▶ _DATA RECORDS_
###

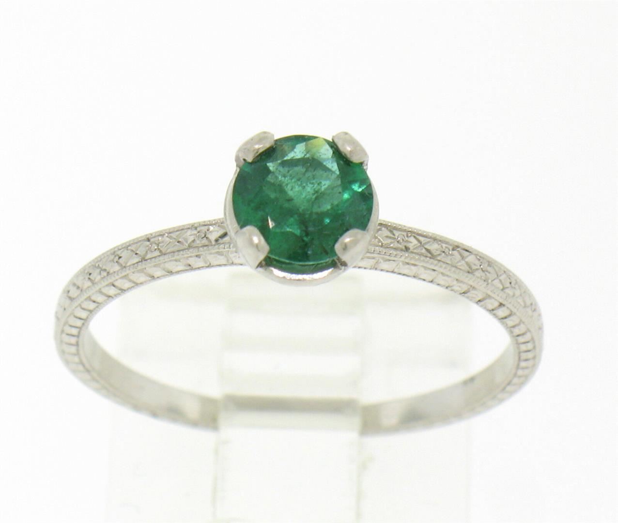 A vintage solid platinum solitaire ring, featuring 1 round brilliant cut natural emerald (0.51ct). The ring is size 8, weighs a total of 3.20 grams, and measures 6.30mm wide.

###

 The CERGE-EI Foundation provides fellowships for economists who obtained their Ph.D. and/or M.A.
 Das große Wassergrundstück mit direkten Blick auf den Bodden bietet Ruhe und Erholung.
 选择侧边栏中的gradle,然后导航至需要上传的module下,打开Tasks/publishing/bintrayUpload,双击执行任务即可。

###

▶ _EXERCISE INSTRUCTIONS_
All lines above from the one holding "The CERGE-EI Foundation" to the one holding "选择侧边栏中的gradle,然后导航至需", inclusive, are to be copied exactly; no other line is wanted.

▶ _TASK SOLUTION_
 The CERGE-EI Foundation provides fellowships for economists who obtained their Ph.D. and/or M.A.
 Das große Wassergrundstück mit direkten Blick auf den Bodden bietet Ruhe und Erholung.
 选择侧边栏中的gradle,然后导航至需要上传的module下,打开Tasks/publishing/bintrayUpload,双击执行任务即可。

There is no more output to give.